[THE PROBLEM]
When you write out the listing below, keep each word exactly as it stands and drop the pictures.

[DATA BLOCK]
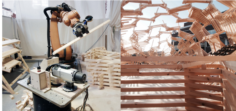
Figure 6 Left: robotic fabrication process. Right: DUO's inner view.

working setup opens up the debate around the fabrication's tolerance: the integration between technical/technological systems and low-engineered setup produces variances between the virtual design and the material actual size pavilion, due to high tolerance.
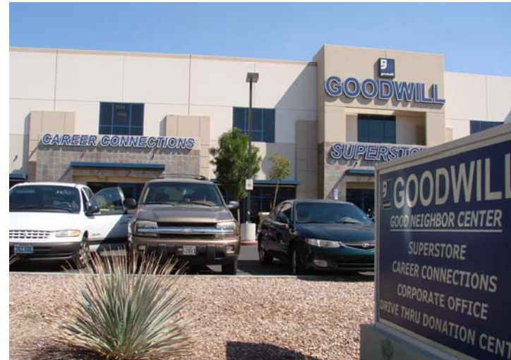
Goodwill of Southern Nevada ended 2009 with 8 retail stores and 29 attended donation centers.
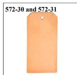
572-30 and 572-31

[EXERCISE RESULT]
Figure 6 Left: robotic fabrication process. Right: DUO's inner view.

working setup opens up the debate around the fabrication's tolerance: the integration between technical/technological systems and low-engineered setup produces variances between the virtual design and the material actual size pavilion, due to high tolerance.
Goodwill of Southern Nevada ended 2009 with 8 retail stores and 29 attended donation centers.
572-30 and 572-31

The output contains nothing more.